[Records from a data collection]
━━━━
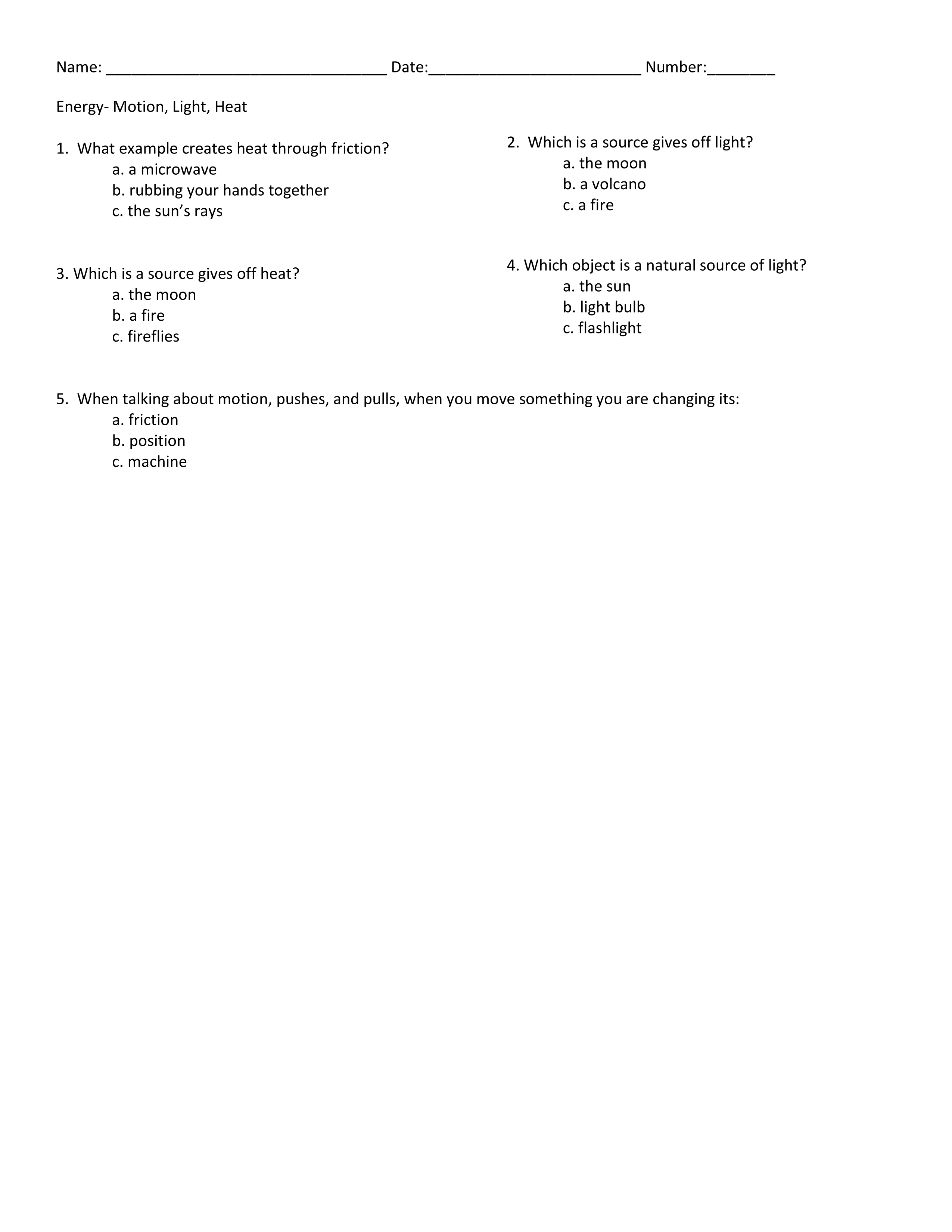 Energy-Motion, Light, Heat Quick Check
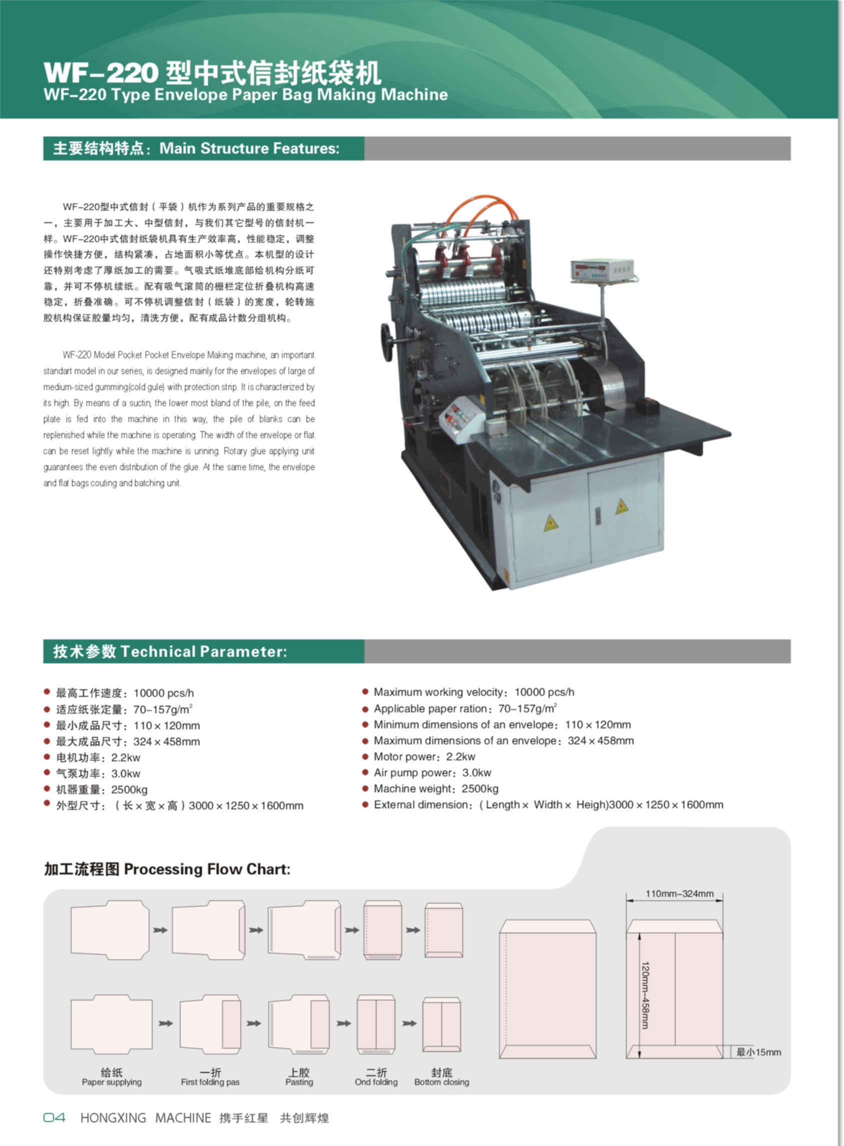 - WF-180型自動(dòng)信封(平袋)機(jī)作為系列產(chǎn)品的重要規(guī)格之一,主要用于加工大、中型信封機(jī),與我們其它型號(hào)的信封機(jī)一樣。WF180型全自動(dòng)信封機(jī)(平袋)機(jī)具有生產(chǎn)效率高,性能穩(wěn)定,調(diào)整操作快捷方便,結(jié)構(gòu)緊湊,占地面職小等優(yōu)點(diǎn)。本機(jī)型的設(shè)計(jì)還特點(diǎn)考慮了厚紙加工的需要。氣吸式紙堆底部給紙機(jī)構(gòu)分紙可靠。
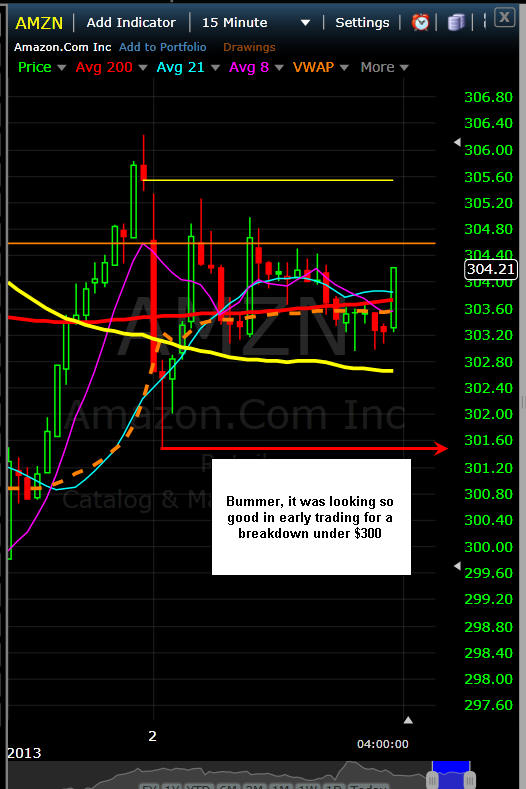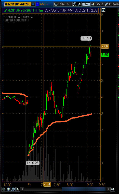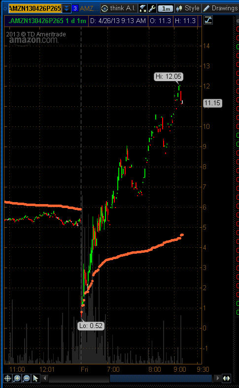 =========================================================================================== 4/26/13 - CHA-CHING!!!!!! Bagged another White Whale!!!!!!!!!!!!! AMZN Started to move up and then it was CRUSHED! All my put strikes BANKED!!!!
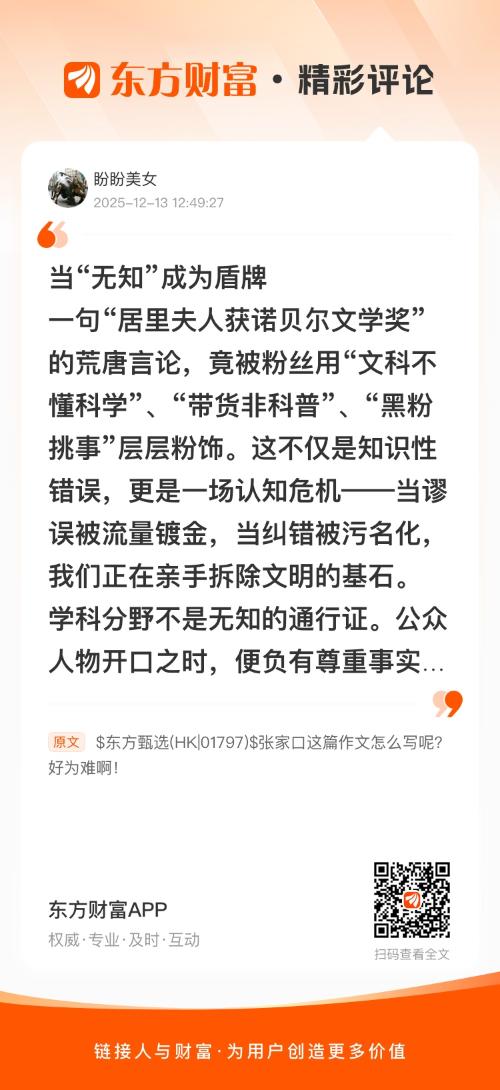 //@盼盼美女 : 当“无知”成为盾牌一句“居里夫人获诺贝尔文学奖”的荒唐言论,竟被粉丝用“文科不懂科学”、“带货非科普”、“黑粉挑事”层层粉饰。这不仅是知识性错误,更是一场认知危机——当谬误被流量镀金,当纠错被污名化,我们正在亲手拆除文明的基石。学科分野不是无知的通行证。公众人物开口之时,便负有尊重事实的基本责任。将居里夫人颠沛流离、以身殉科学的壮丽史诗,扭曲成张冠李戴的噱头,这是对真理的亵渎。“带货”绝非传播谬误的挡箭牌。任何面向公众的言说,真实性是其不可逾越的底线。若允许为流量而牺牲事实,我们将沉沦于“”的信息荒原。那些被斥为“挑事”的纠错者,实则是信息时代的守望者。他们的“较真”,是对抗认知退化、守卫公共理性的最后防线。若连这微光都要掐灭,我们将集体步入蒙昧的黄昏。粉丝的辩护,暴露了娱乐至死年代最危险的病症:用功利消解真实,用立场绞杀事实。当错误被宽容、无知被纵容,人类数百年构筑的知识大厦,终将在流量的狂欢中悄然倾覆。要娱乐,但不要愚昧;可带货,但不可带歪认知。这不仅是底线,更是文明存续的命脉。
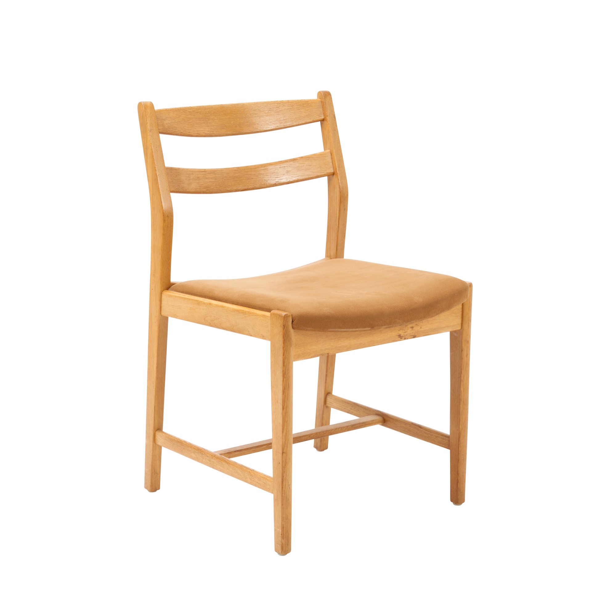 Beech with suede upholstery.
━━━━
**The task**. A picture must not appear in the copy. Transcribe exactly the lines from the one with "put strikes BANKED!!!!" through the final line of the entries, both included, and no more.

**Answer to the problem**.
 =========================================================================================== 4/26/13 - CHA-CHING!!!!!! Bagged another White Whale!!!!!!!!!!!!! AMZN Started to move up and then it was CRUSHED! All my put strikes BANKED!!!!
 //@盼盼美女 : 当“无知”成为盾牌一句“居里夫人获诺贝尔文学奖”的荒唐言论,竟被粉丝用“文科不懂科学”、“带货非科普”、“黑粉挑事”层层粉饰。这不仅是知识性错误,更是一场认知危机——当谬误被流量镀金,当纠错被污名化,我们正在亲手拆除文明的基石。学科分野不是无知的通行证。公众人物开口之时,便负有尊重事实的基本责任。将居里夫人颠沛流离、以身殉科学的壮丽史诗,扭曲成张冠李戴的噱头,这是对真理的亵渎。“带货”绝非传播谬误的挡箭牌。任何面向公众的言说,真实性是其不可逾越的底线。若允许为流量而牺牲事实,我们将沉沦于“”的信息荒原。那些被斥为“挑事”的纠错者,实则是信息时代的守望者。他们的“较真”,是对抗认知退化、守卫公共理性的最后防线。若连这微光都要掐灭,我们将集体步入蒙昧的黄昏。粉丝的辩护,暴露了娱乐至死年代最危险的病症:用功利消解真实,用立场绞杀事实。当错误被宽容、无知被纵容,人类数百年构筑的知识大厦,终将在流量的狂欢中悄然倾覆。要娱乐,但不要愚昧;可带货,但不可带歪认知。这不仅是底线,更是文明存续的命脉。
 Beech with suede upholstery.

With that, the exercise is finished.